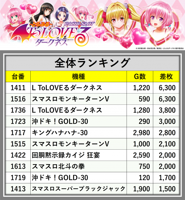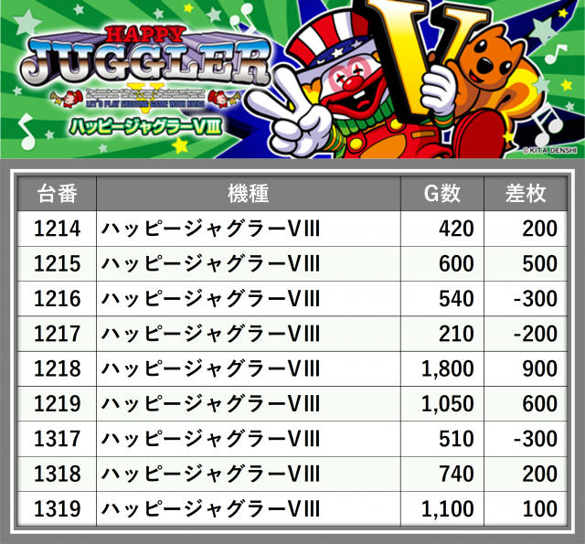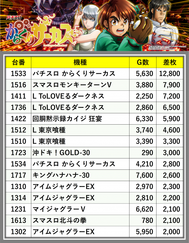 厳選された取材対象機種をはじめ、その他スロット全体から好記録が飛び出した!プレイヤーが楽しんだ1日を下記データにて振り返ってみて欲しい。
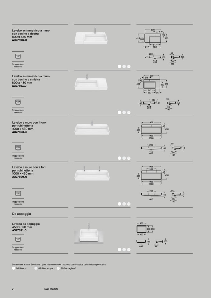 Dimensioni in mm. Sostituire (..) nel riferimento del prodotto con il codice della finitura prescelta:
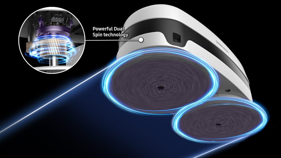 หุ่นยนต์ถูพื้น JetbotTM Mop รุ่น VR6000 ของซัมซุงช่วยให้คุณมั่นใจในความสะอาดมากขึ้น ด้วยเทคโนโลยี Dual Spin ให้การหมุนของมอเตอร์ทั้งสองตัวสูงถึง 5,500 รอบต่อนาที ช่วยให้หุ่นยนต์สามารถเคลื่อนที่ หมุน และทำความสะอาดได้พร้อมกัน ผ่านการเคลื่อนที่บนแผ่นผ้าทำความสะอาดทั้งสองข้างแทนการใช้ล้อ ทำให้น้ำหนักทั้งหมดของหุ่นยนต์ดูดฝุ่นกดลงบนแผ่นผ้าทำความสะอาด ช่วยให้การทำความสะอาดมีประสิทธิภาพมากกว่าด้วยแรงกดที่เพิ่มขึ้น ซึ่งทำงานร่วมกับระบบจ่ายน้ำอัตโนมัติ ให้คุณมั่นใจได้ว่าผ้าถูพื้นจะไม่แห้งระหว่างการทำความสะอาด นอกจากนี้ยังสามารถเลือกระหว่างผ้า Mother Yarn* เพื่อการกำจัดสิ่งสกปรกและคราบฝังแน่นต่างๆ หรือผ้าไมโครไฟเบอร์ สำหรับทำความสะอาดพื้นผิวที่ละเอียดอ่อน
━━━━━━━━
Please repeat everything in the data above except the pictures, exactly as it reads.

 厳選された取材対象機種をはじめ、その他スロット全体から好記録が飛び出した!プレイヤーが楽しんだ1日を下記データにて振り返ってみて欲しい。
 Dimensioni in mm. Sostituire (..) nel riferimento del prodotto con il codice della finitura prescelta:
 หุ่นยนต์ถูพื้น JetbotTM Mop รุ่น VR6000 ของซัมซุงช่วยให้คุณมั่นใจในความสะอาดมากขึ้น ด้วยเทคโนโลยี Dual Spin ให้การหมุนของมอเตอร์ทั้งสองตัวสูงถึง 5,500 รอบต่อนาที ช่วยให้หุ่นยนต์สามารถเคลื่อนที่ หมุน และทำความสะอาดได้พร้อมกัน ผ่านการเคลื่อนที่บนแผ่นผ้าทำความสะอาดทั้งสองข้างแทนการใช้ล้อ ทำให้น้ำหนักทั้งหมดของหุ่นยนต์ดูดฝุ่นกดลงบนแผ่นผ้าทำความสะอาด ช่วยให้การทำความสะอาดมีประสิทธิภาพมากกว่าด้วยแรงกดที่เพิ่มขึ้น ซึ่งทำงานร่วมกับระบบจ่ายน้ำอัตโนมัติ ให้คุณมั่นใจได้ว่าผ้าถูพื้นจะไม่แห้งระหว่างการทำความสะอาด นอกจากนี้ยังสามารถเลือกระหว่างผ้า Mother Yarn* เพื่อการกำจัดสิ่งสกปรกและคราบฝังแน่นต่างๆ หรือผ้าไมโครไฟเบอร์ สำหรับทำความสะอาดพื้นผิวที่ละเอียดอ่อน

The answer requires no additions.